Top of Data records

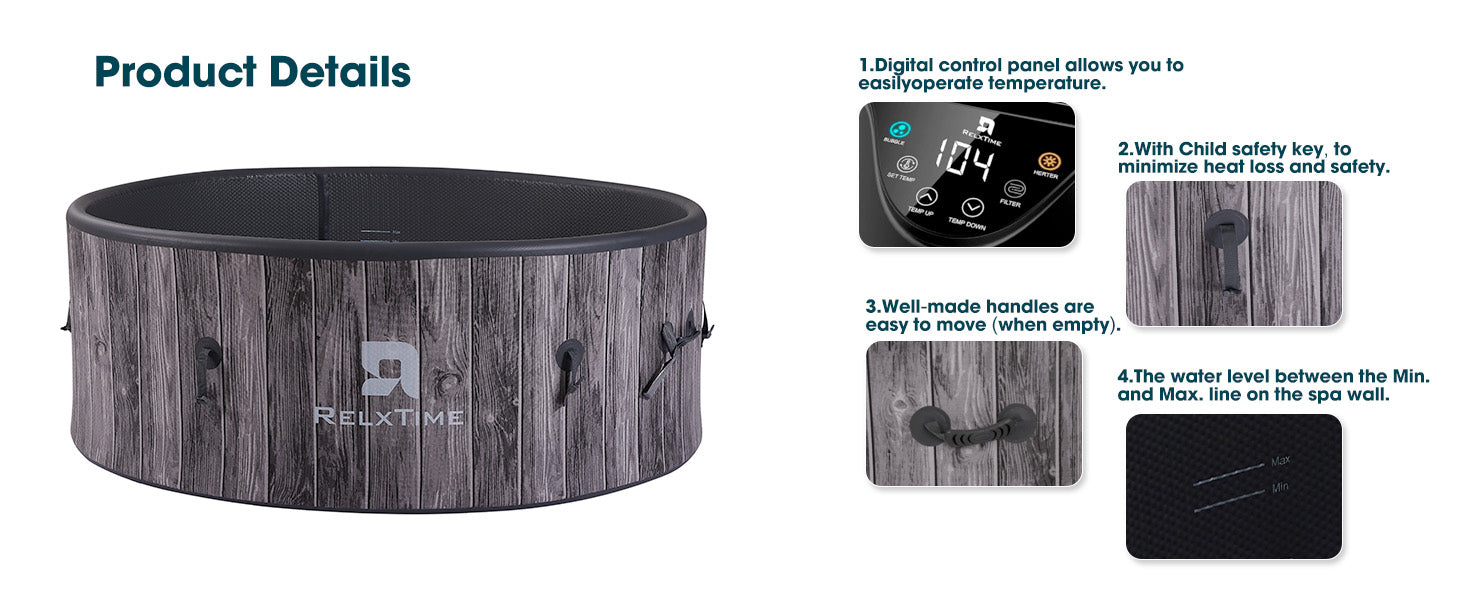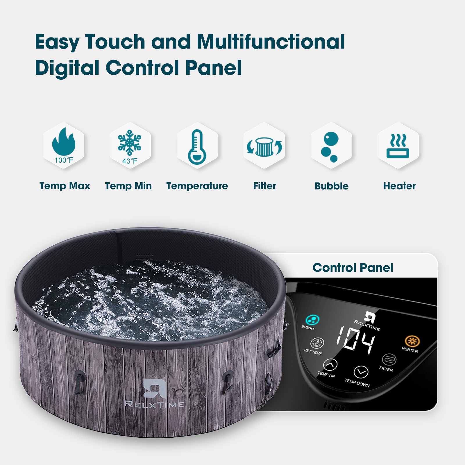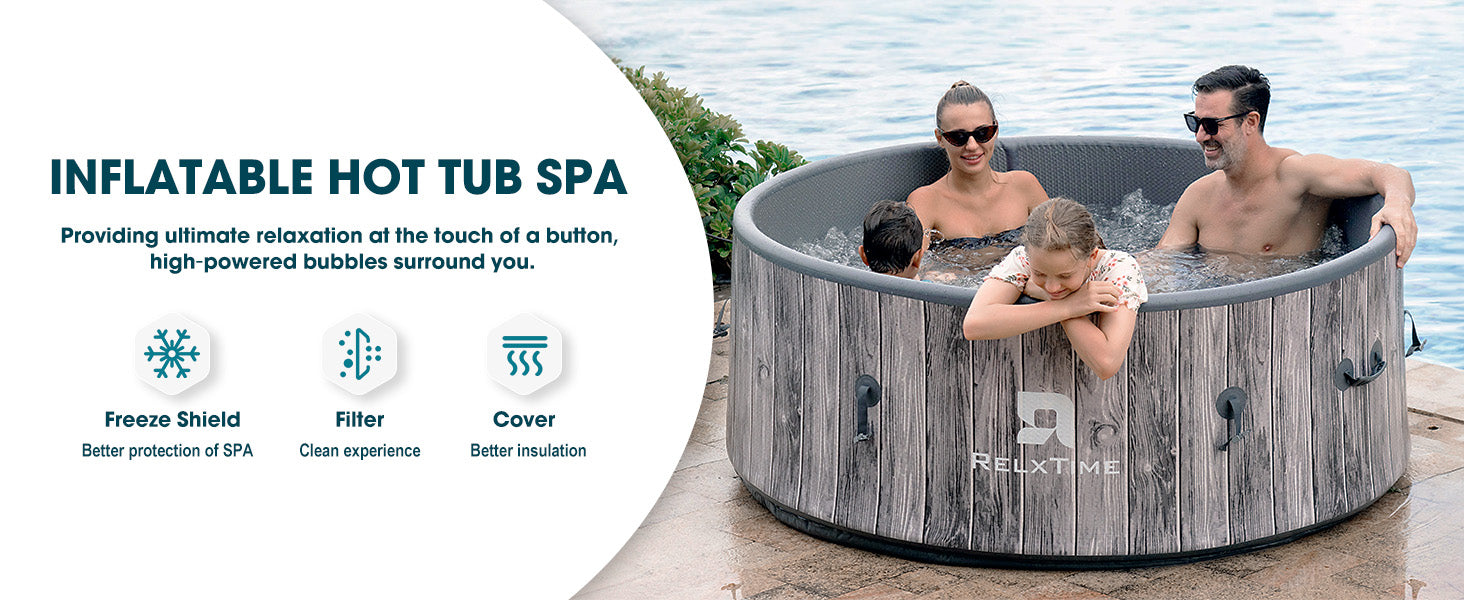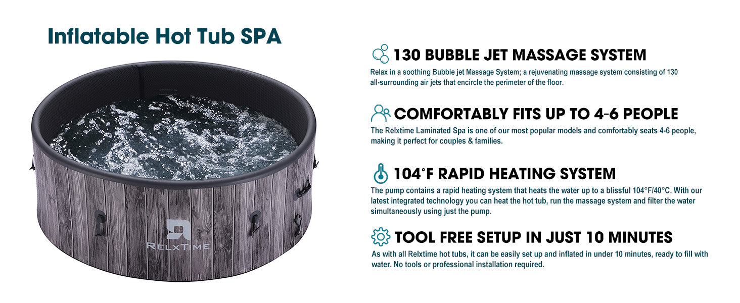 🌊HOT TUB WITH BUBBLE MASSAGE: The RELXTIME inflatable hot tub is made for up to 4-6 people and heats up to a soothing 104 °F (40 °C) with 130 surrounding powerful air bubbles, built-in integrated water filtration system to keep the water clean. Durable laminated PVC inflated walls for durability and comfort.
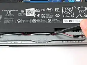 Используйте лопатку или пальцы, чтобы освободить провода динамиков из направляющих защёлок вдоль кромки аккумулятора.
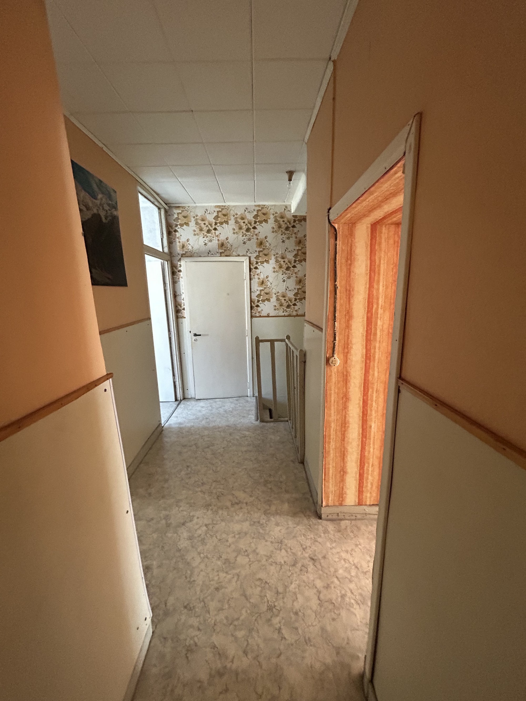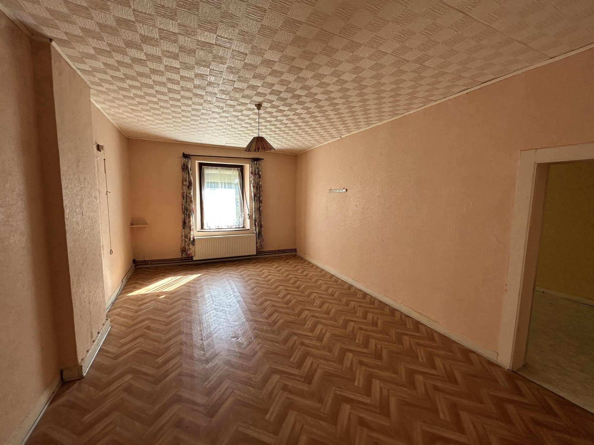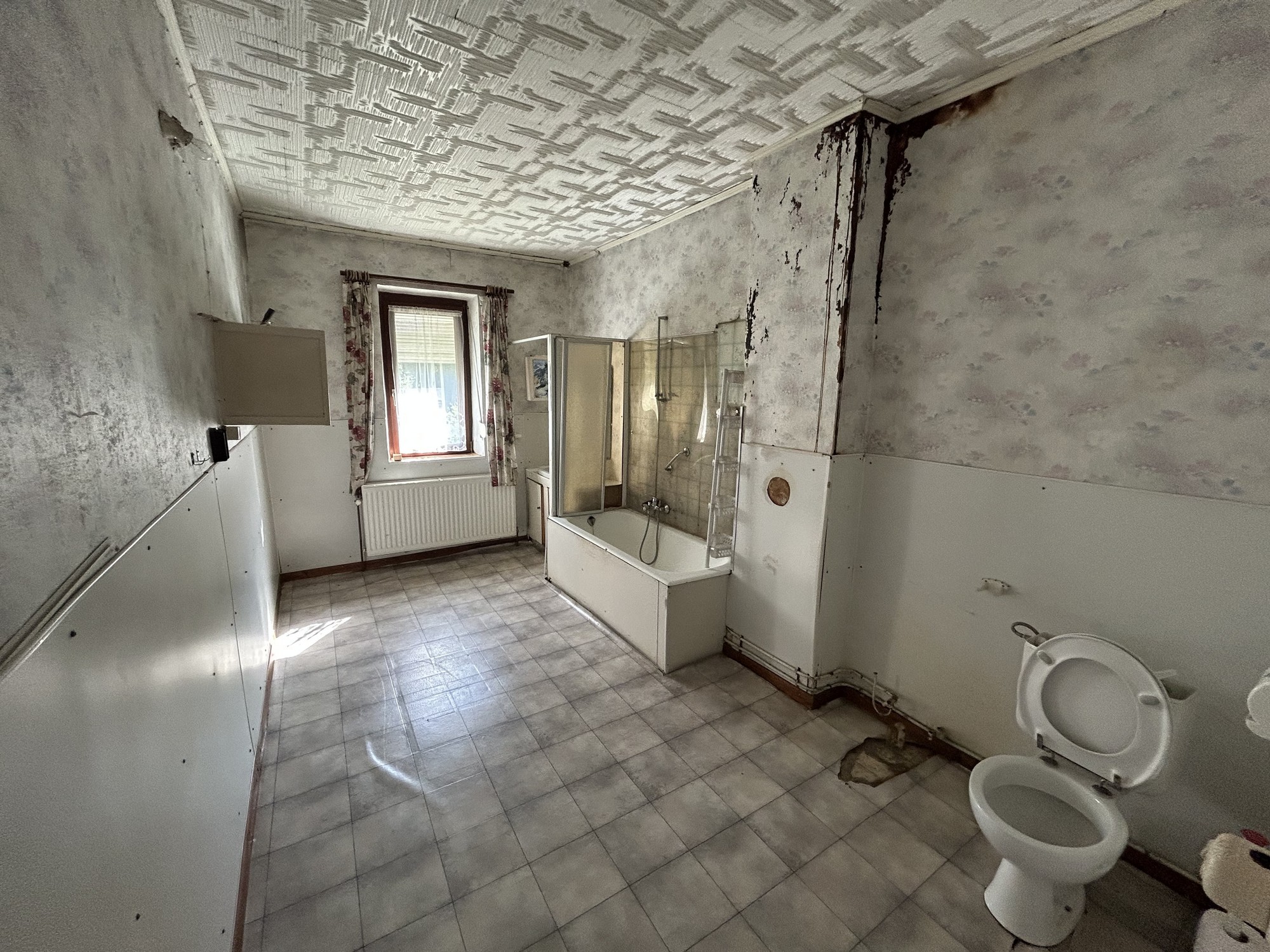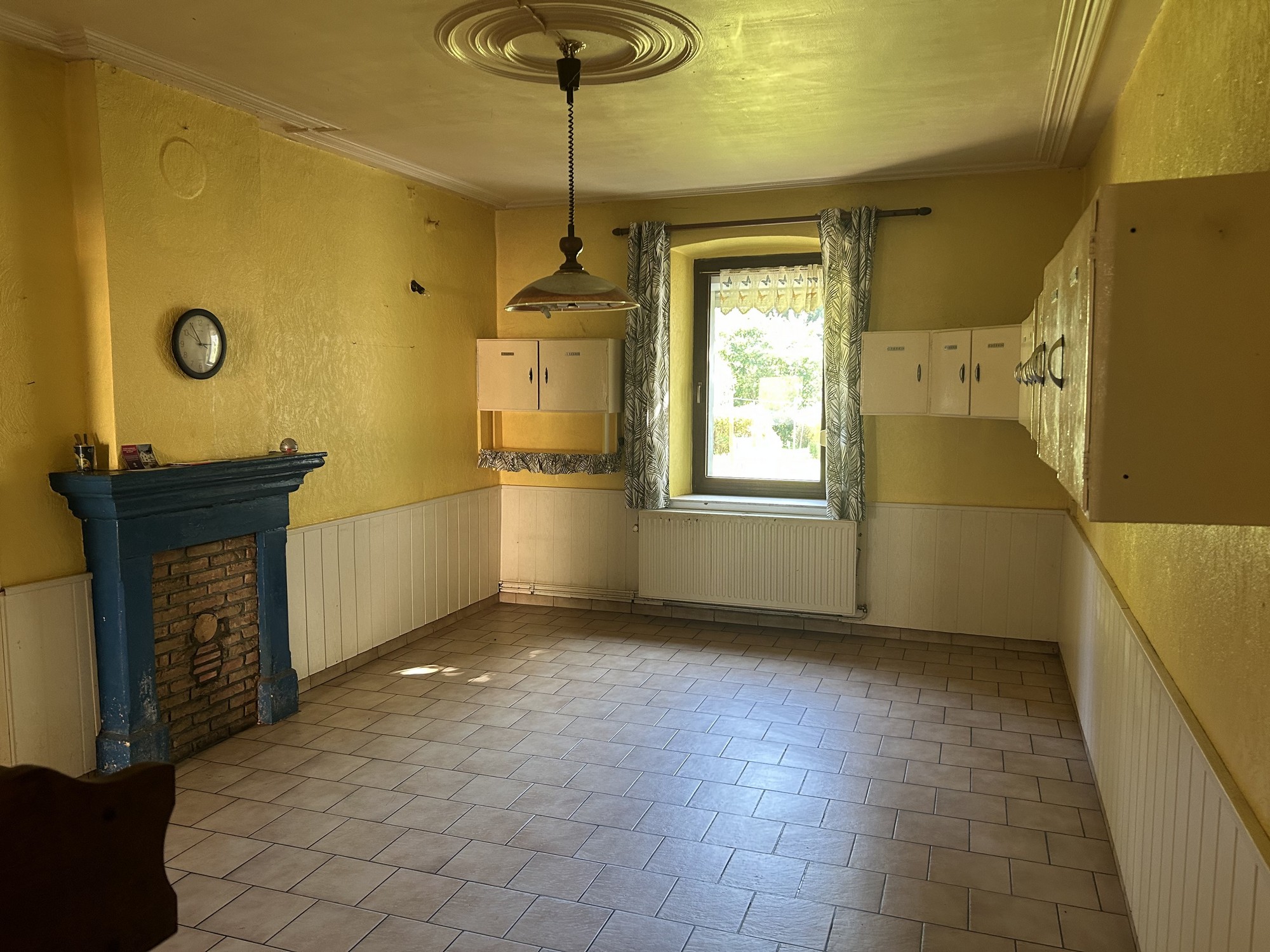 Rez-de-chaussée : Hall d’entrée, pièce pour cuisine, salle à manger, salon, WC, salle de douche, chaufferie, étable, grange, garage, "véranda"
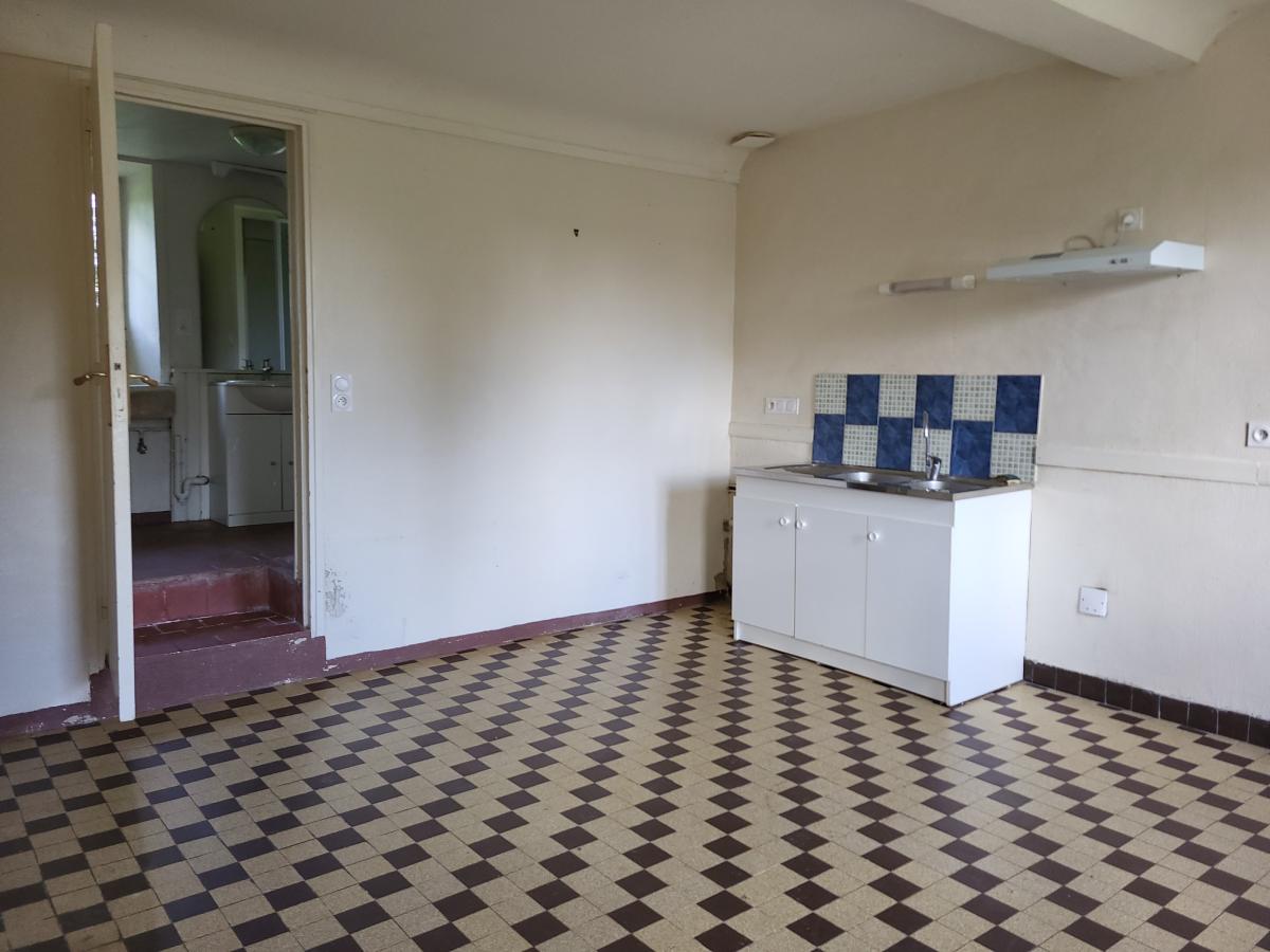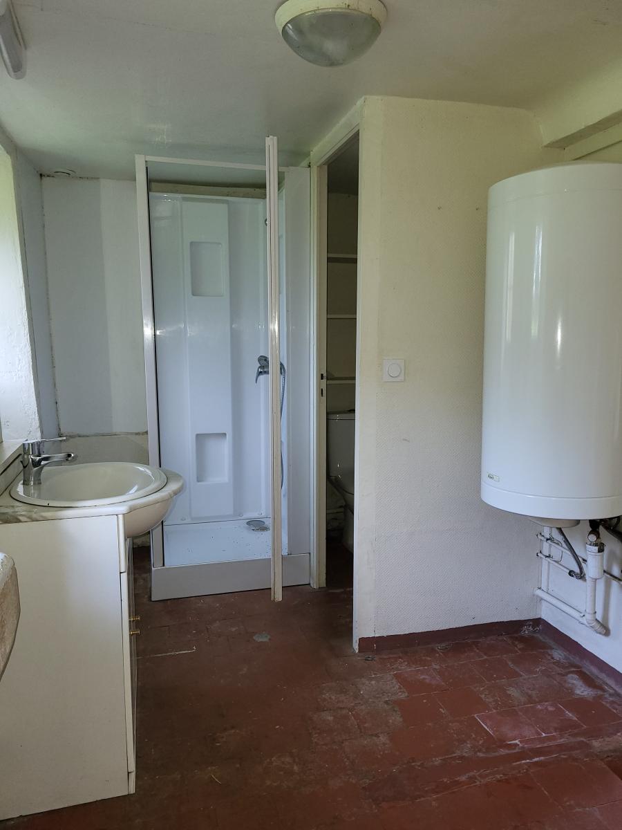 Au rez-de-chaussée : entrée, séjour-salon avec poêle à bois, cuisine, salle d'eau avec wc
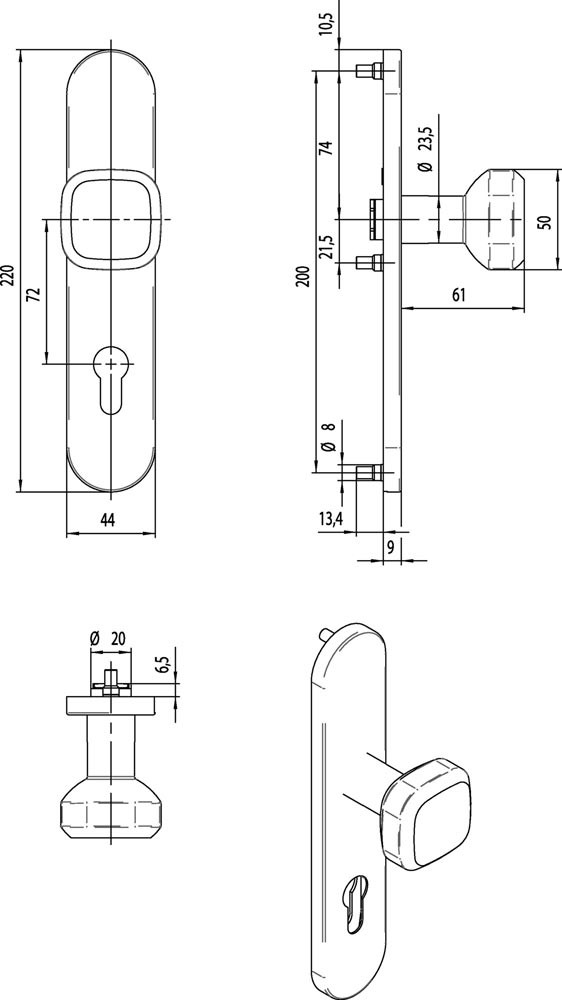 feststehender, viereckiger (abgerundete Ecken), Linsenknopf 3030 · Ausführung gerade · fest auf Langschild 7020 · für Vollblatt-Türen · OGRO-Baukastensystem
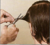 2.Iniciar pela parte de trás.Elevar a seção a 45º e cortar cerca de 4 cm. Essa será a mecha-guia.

Bottom of Data records

● Exercise requirements:
Exactly the lines from the line that contains "Au rez-de-chaussée : entrée, séjour-salon" through the last line above, and no other lines, must be output, with pictures excluded.

● Solution:
 Au rez-de-chaussée : entrée, séjour-salon avec poêle à bois, cuisine, salle d'eau avec wc
 feststehender, viereckiger (abgerundete Ecken), Linsenknopf 3030 · Ausführung gerade · fest auf Langschild 7020 · für Vollblatt-Türen · OGRO-Baukastensystem
 2.Iniciar pela parte de trás.Elevar a seção a 45º e cortar cerca de 4 cm. Essa será a mecha-guia.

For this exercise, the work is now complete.